++++ Record excerpts ++++

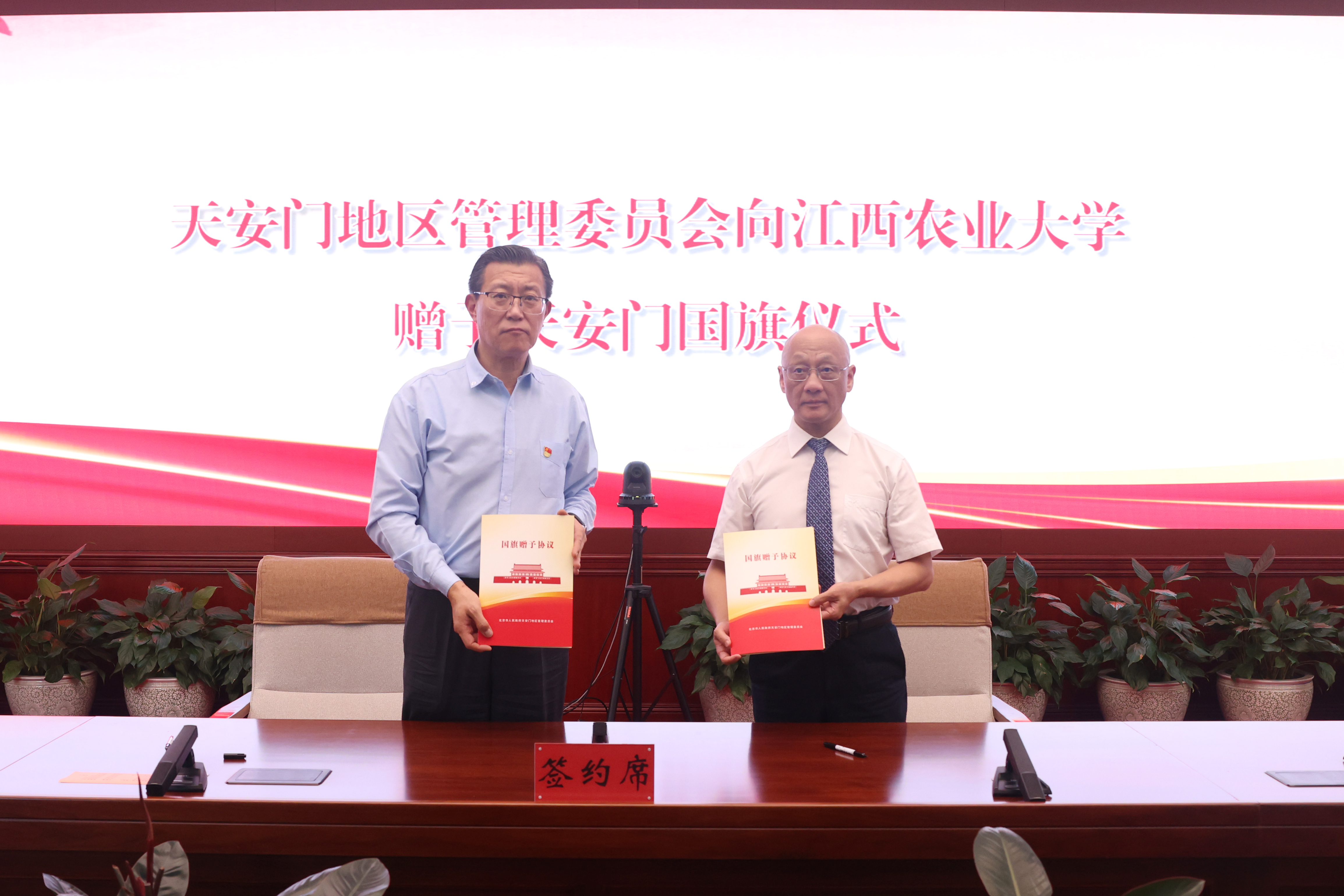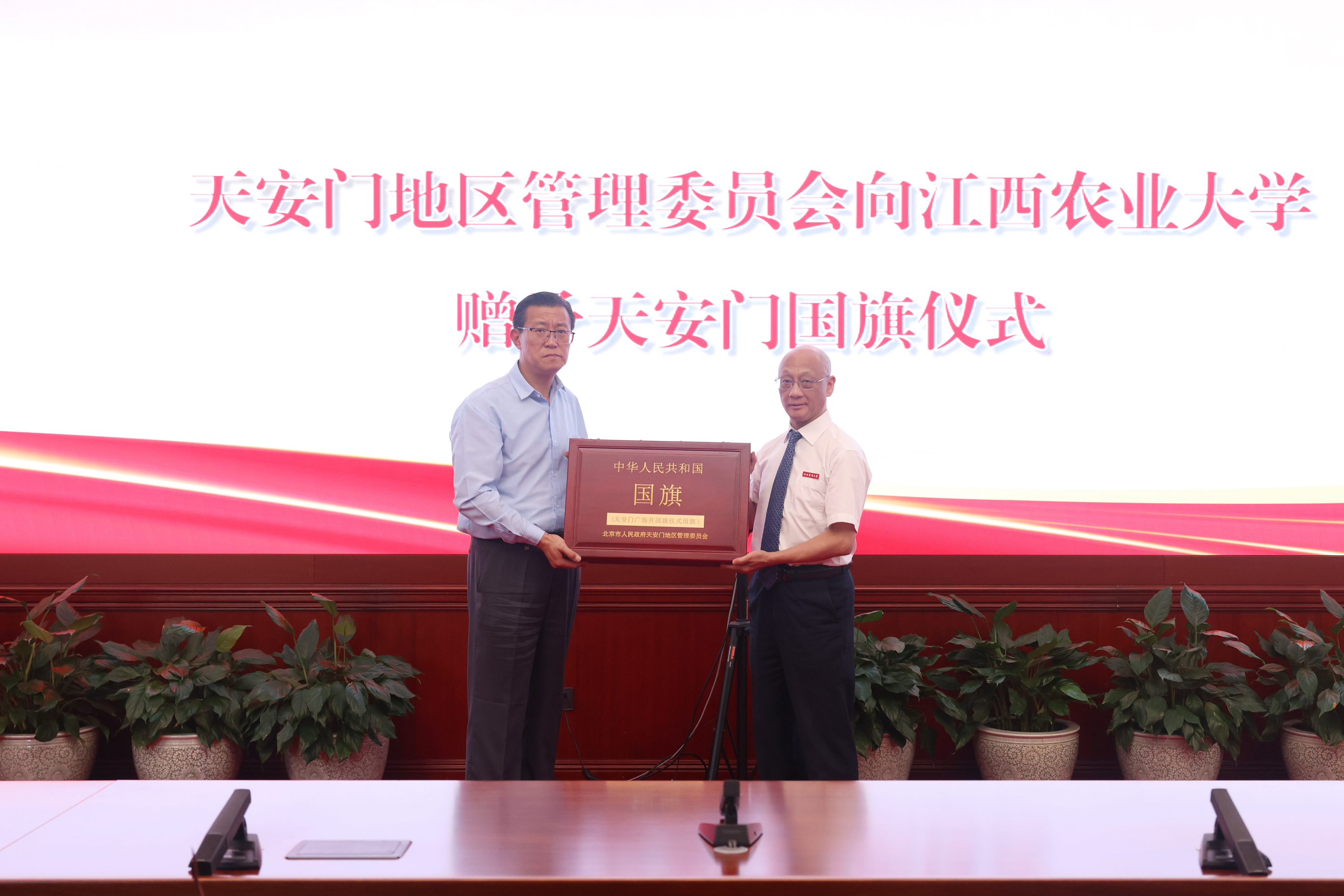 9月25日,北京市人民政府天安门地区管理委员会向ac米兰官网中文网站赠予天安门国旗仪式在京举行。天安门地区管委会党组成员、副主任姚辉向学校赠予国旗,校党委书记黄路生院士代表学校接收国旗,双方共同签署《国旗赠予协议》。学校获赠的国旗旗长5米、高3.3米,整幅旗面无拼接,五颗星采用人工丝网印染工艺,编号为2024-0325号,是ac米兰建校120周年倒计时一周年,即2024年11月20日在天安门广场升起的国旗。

++++
++++ Record excerpts ++++

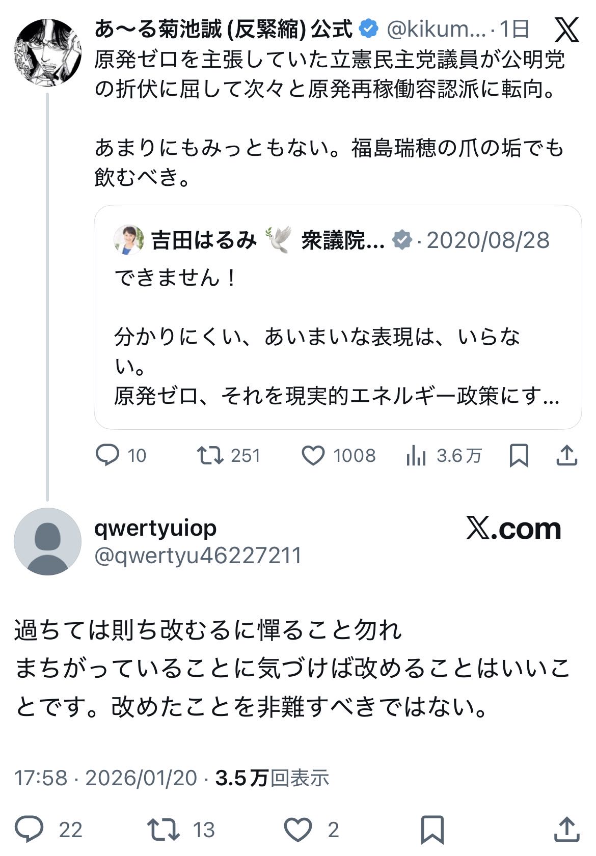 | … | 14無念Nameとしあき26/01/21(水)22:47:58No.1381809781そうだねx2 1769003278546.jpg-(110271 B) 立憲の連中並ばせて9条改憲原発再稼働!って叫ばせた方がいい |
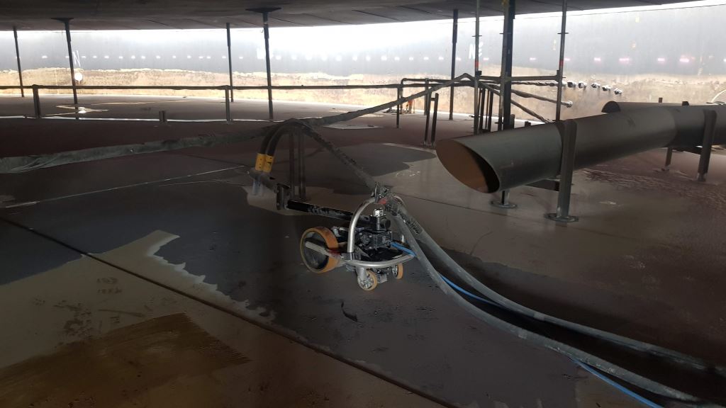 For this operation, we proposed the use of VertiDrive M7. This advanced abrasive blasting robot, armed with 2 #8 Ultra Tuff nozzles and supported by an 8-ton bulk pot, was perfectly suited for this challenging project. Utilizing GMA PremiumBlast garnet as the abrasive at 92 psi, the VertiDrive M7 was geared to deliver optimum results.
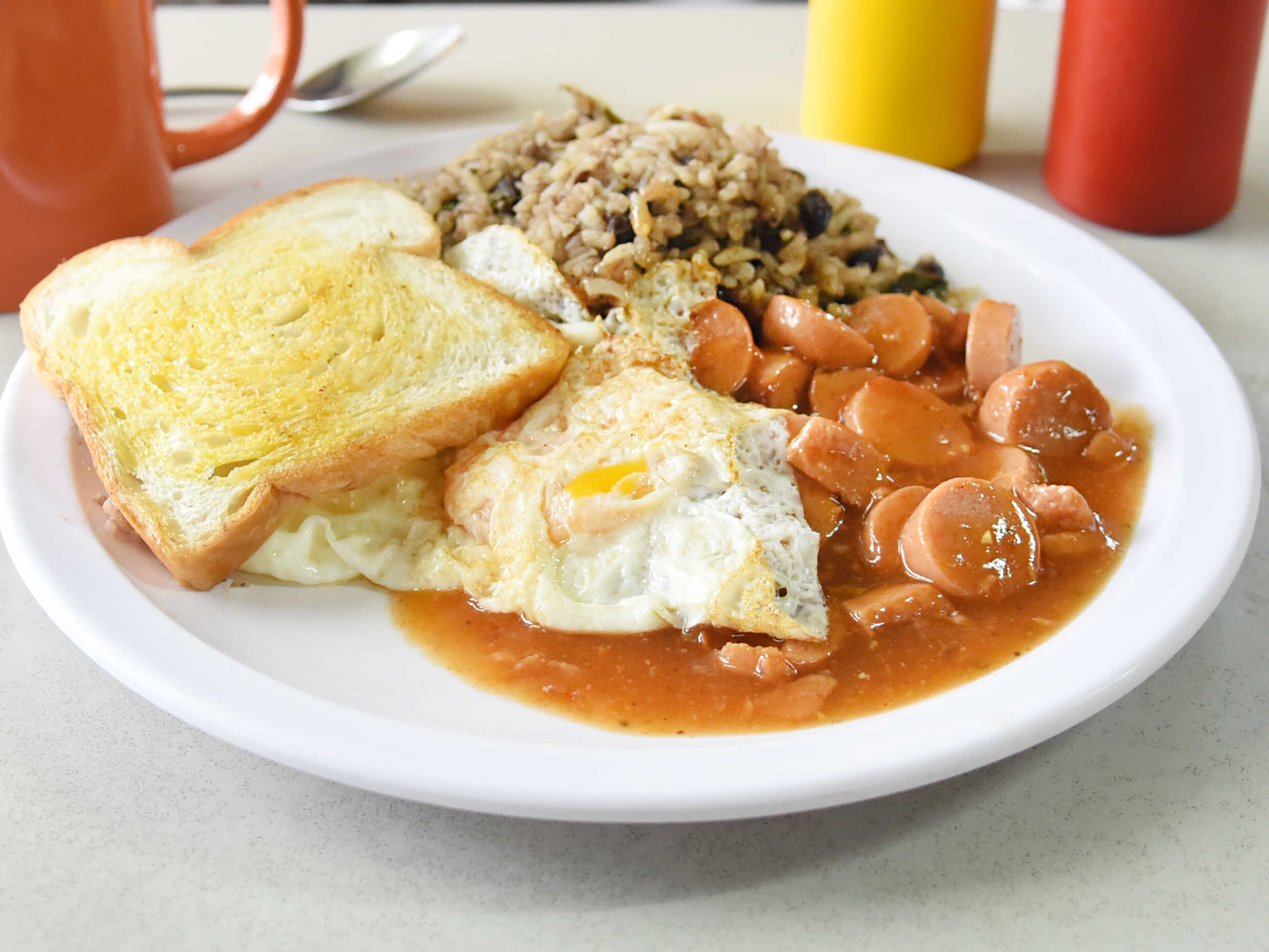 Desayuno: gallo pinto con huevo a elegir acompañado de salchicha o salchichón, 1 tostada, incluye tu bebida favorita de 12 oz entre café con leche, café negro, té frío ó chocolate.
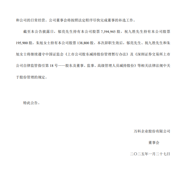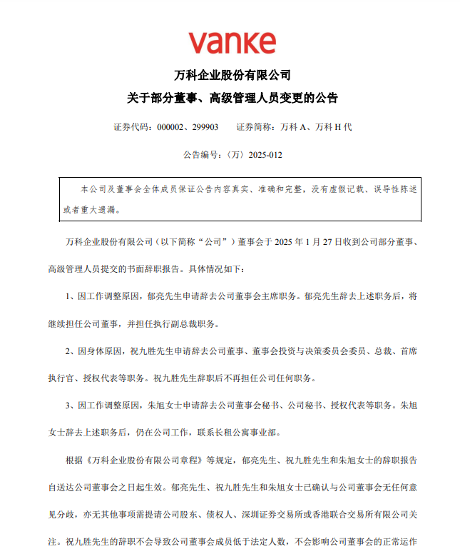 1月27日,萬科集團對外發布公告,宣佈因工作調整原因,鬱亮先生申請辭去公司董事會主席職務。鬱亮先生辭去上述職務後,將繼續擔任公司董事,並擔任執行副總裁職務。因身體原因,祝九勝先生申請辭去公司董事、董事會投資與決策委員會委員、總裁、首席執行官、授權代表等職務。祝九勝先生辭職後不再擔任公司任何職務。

++++
++++ Record excerpts ++++

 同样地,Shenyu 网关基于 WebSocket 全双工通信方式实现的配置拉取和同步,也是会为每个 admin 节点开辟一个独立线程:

++++

Work item.
Print nothing but the lines above starting with the line that contains "Desayuno: gallo pinto" and going on through the line that contains "1月27日,萬科集團對外發布". Leave out the pictures.

Exercise result.
 Desayuno: gallo pinto con huevo a elegir acompañado de salchicha o salchichón, 1 tostada, incluye tu bebida favorita de 12 oz entre café con leche, café negro, té frío ó chocolate.
 1月27日,萬科集團對外發布公告,宣佈因工作調整原因,鬱亮先生申請辭去公司董事會主席職務。鬱亮先生辭去上述職務後,將繼續擔任公司董事,並擔任執行副總裁職務。因身體原因,祝九勝先生申請辭去公司董事、董事會投資與決策委員會委員、總裁、首席執行官、授權代表等職務。祝九勝先生辭職後不再擔任公司任何職務。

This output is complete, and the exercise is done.